Transformations in the transformed parameters block:

  1. Per-subject effects are then transformed to N(0, intersubject SD).

  2. Subject values are calculated in "Stan parameter space" as:

    subject_value = group_mean [S1] + subject_specific_effect [T1]
  3. We then convert from "Stan (unit normal) parameter space" to "task parameter space". This depends on our target parameter:

    • Bounded parameters are inverse probit-transformed to (0, 1), then scaled; e.g. a range of (0, 7) is given by: y = Phi_approx(x) * 7.
    • Unbounded positive parameters are exponentially transformed to (0, +\infty) using y = exp(x).

You might want to label parameters that are in "standard normal" (raw) space, rather than "task parameter space", e.g. with a prefix like raw_.

Priors are therefore, approximately:

  • For everything, via temporary "raw" variable r:

    \mu_{\mathrm group} \textasciitilde N(0, 1)

    \sigma_{\mathrm group} \textasciitilde N(0, 0.2)^+

    r_{\mathrm subject} \textasciitilde N(\mu_{\mathrm group}, \sigma_{\mathrm group})

  • For bounded group means in range (L, U):

    x_{\mathrm subject} = L + (U - L) \cdot \phi(r_{\mathrm subject})

  • For unbounded positive means:

    x_{\mathrm subject} = {\mathrm e}^{r_{\mathrm subject}}


One can show posterior values/distributions of the "unit normal" variable, or the transformed value (e.g. Ahn2017, pp. 31, 47; K or K\prime in Haines2018, pp. 2544, 2546, 2553; Romeu2020, p. 107711). See below for cautions regarding the interpretation of transformed values.

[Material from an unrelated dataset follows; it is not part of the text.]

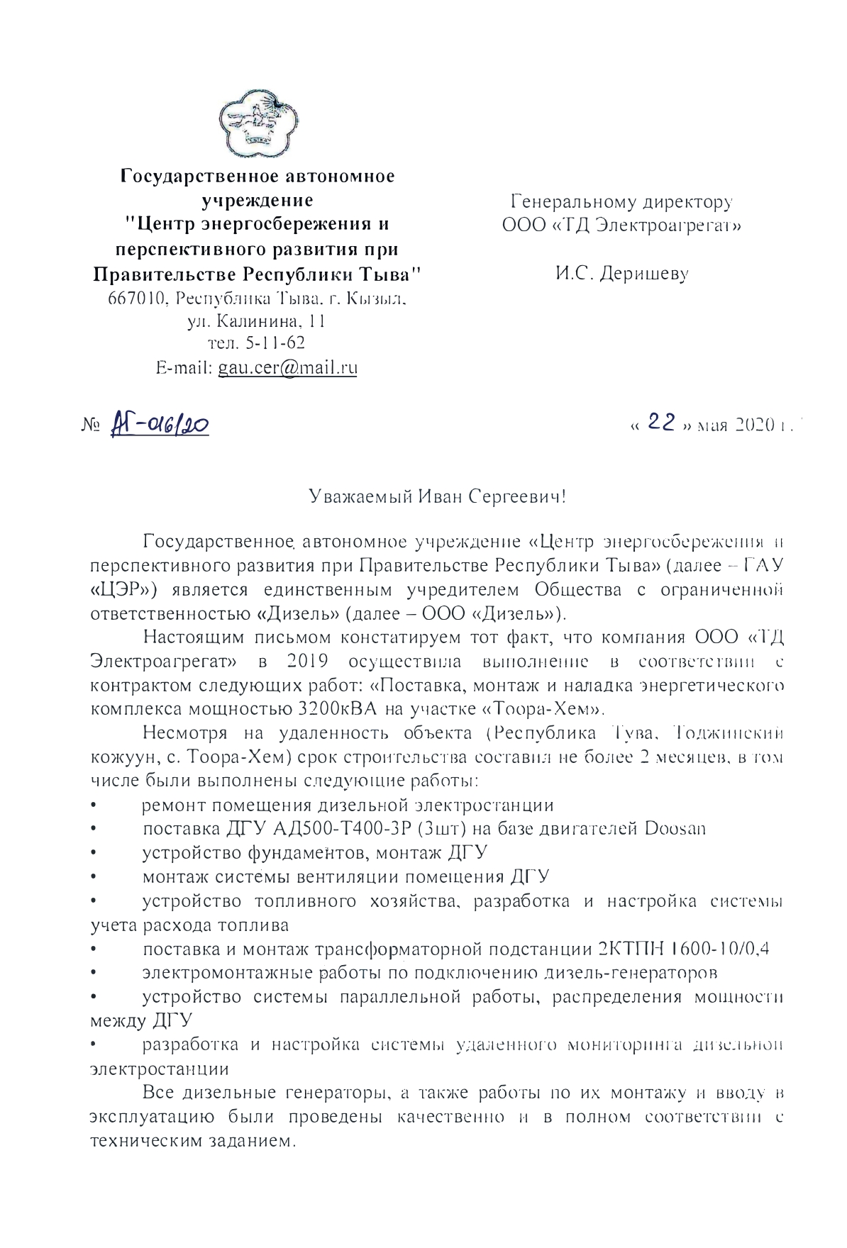 [BROWSER_TITLE] => Отзыв о выполненной поставке ДГУ компанией ООО «Торговый Дом Электроагрегат» г. Новосибирск для ГАУ "Центр энергосбережения и перспективного развития при Правительстве Республики Тыва"

A major advantage is of being able to operate in an unconstrained space throughout, then constrain at the end if required (rather than e.g. having a constrained parameter to which you add a deviation that might take it out of its constraints).


  • This obviously affects the priors a bit.
  • It's a bit fiddlier to extract the transformed parameters of interest.
  • It doesn't converge in some of my models, whereas direct sampling converged fine.

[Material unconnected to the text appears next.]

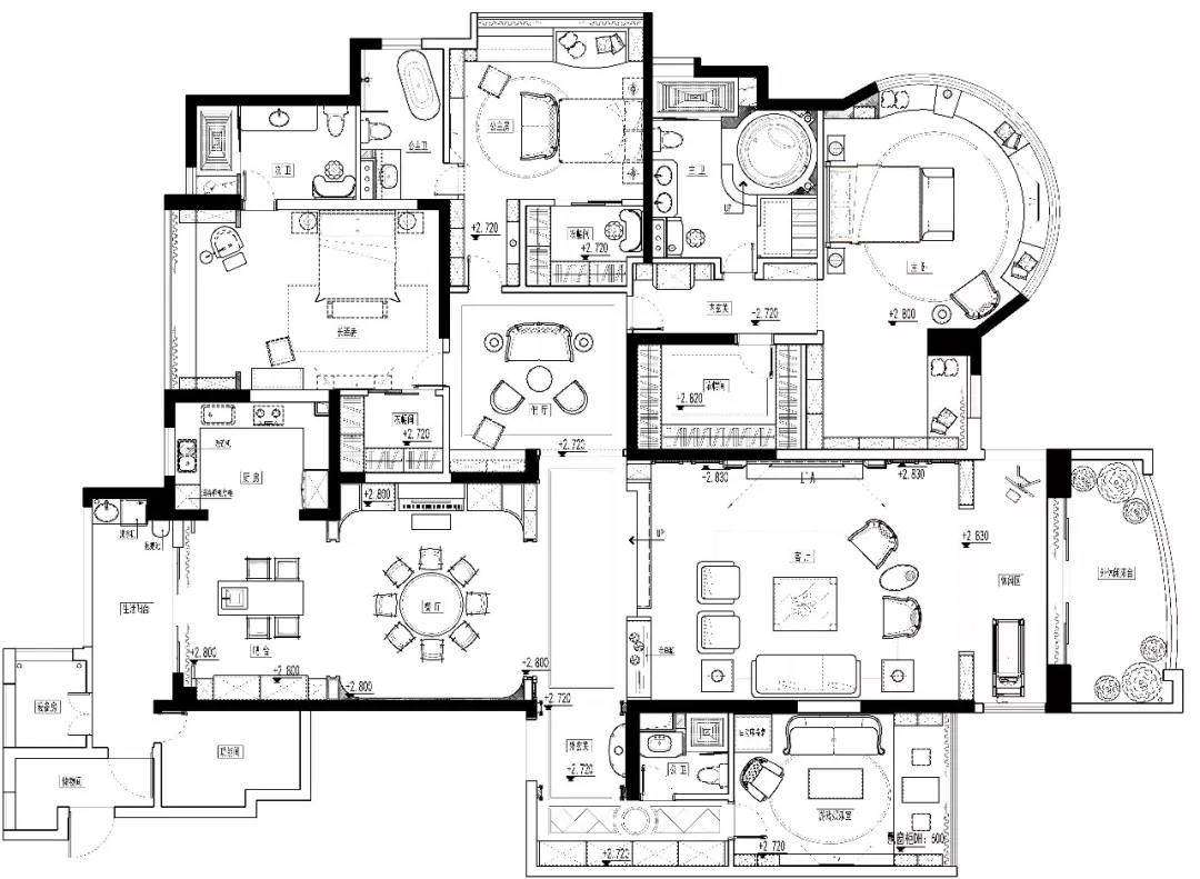 主人房是一套包含有書房,衣帽間,衛生間的套房氣派與藝術于生活之中

Parameterization: direct method

Another way is to sampling directly from the distributions of interest. For example, using a subjects-within-groups design:

Sampling in the parameters or model block:

  1. Per-group means are sampled in bounded parameter space, with sensible per-parameter priors.
  2. Per-group intersubject SDs are sampled in half-normal N(0, SD_prior)^+ space, e.g. N(0, 0.05)^+ for a parameter bounded [0, 1].
  3. Per-subject effects (in between-subjects designs, each subject's deviation from its group mean; etc.) are initially sampled in N(0, 1) space. [SAME AS ROMEU.]

Transformations in the transformed parameters block:

  1. Per-subject effects are then transformed to N(0, intersubject SD) space. [SAME AS ROMEU.]

  2. Subject values are calculated as:

    subject_value = group_mean [S1] + subject_specific_effect [T1]

    and then bounded (clipped, but without potential for sampling failure) in parameter space.


  • Convergence, in one example of mine. Took maximum \^{R} from ~160 to ~1, where other measures hadn't helped.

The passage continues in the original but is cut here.